3.1.1 Change Properties of Geometries

Within the geom_* command, you can already manipulate visual aesthetics such as the color, shape, and size of your points. Let’s transform all points into large fire-red diamonds!

g + geom_point(color = "firebrick", shape = "diamond", size = 2)

Color or Colour?

{ggplot2} understands both color and colour as well as the short version col.

You can utilize preset colors (a full list can be found here) or hex color codes, both enclosed in quotes. Additionally, you can specify RGB/RGBA colors using the rgb() function.

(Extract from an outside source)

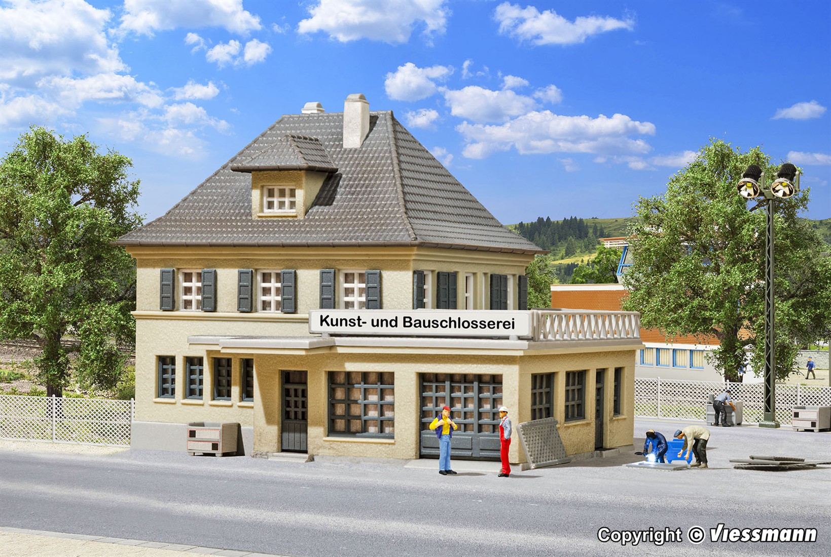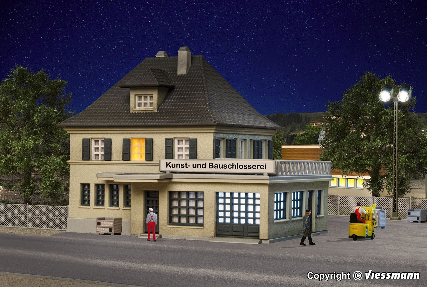 Bausatz. Hier wird mit hochwertigen Materialien geschmiedet und geschweißt. Um ein täuschend echtes flackerndes Licht zu erzeugen, empfehlen wir das elektronische Schweißlicht, Viessmann Art. 5020.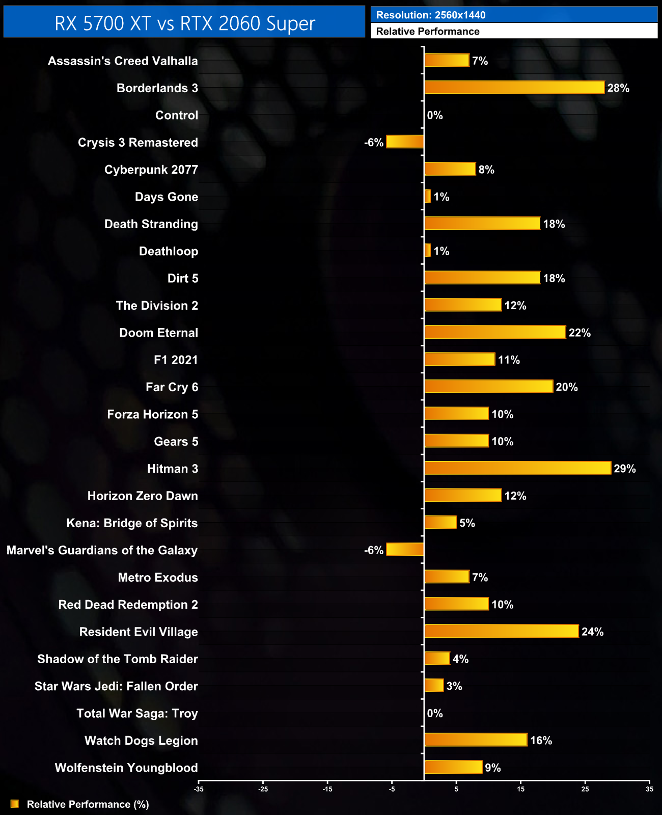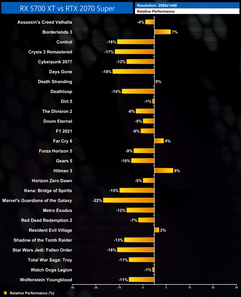 The RX 5700 XT does slightly better against the RTX 2060 Super once we step up to 1440p as well. Here, in the two games where it is slower, the deficit is cut to just 6% in both instances. On the other side, the 5700 XT is 28% and 29% faster in Borderlands 3 and Hitman 3, respectively.

Click to expand:

g + geom_point(color = "#b22222", shape = "diamond", size = 2)
g + geom_point(color = rgb(178, 34, 34, maxColorValue = 255), shape = "diamond", size = 2)

Each geom has its unique properties, referred to as arguments, and the same argument might produce different effects depending on the geom you’re employing.

g + geom_point(color = "firebrick", shape = "diamond", size = 2) +
    geom_line(color = "firebrick", linetype = "dotted", lwd = .3)

3.1.2 Replace the default ggplot2 theme

To further demonstrate ggplot’s versatility, let’s enhance the appearance by removing the default grayish {ggplot2} style and setting a different built-in theme, such as theme_bw(). By using theme_set(), all subsequent plots will adopt the same black-and-white theme. This adjustment will notably enhance the appearance of the red points!

theme_set(theme_bw())

g + geom_point(color = "firebrick")

For further details on using built-in themes and customizing themes, refer to the section “Working with Themes”. Starting from the next chapter, we’ll also utilize the theme() function to customize specific elements of the theme.

Remember!

theme() is a crucial command for manually adjusting various theme elements such as texts, rectangles, and lines.

To explore the numerous details of a ggplot theme that can be modified, refer to the extensive list available here. Take your time, as it’s a comprehensive list!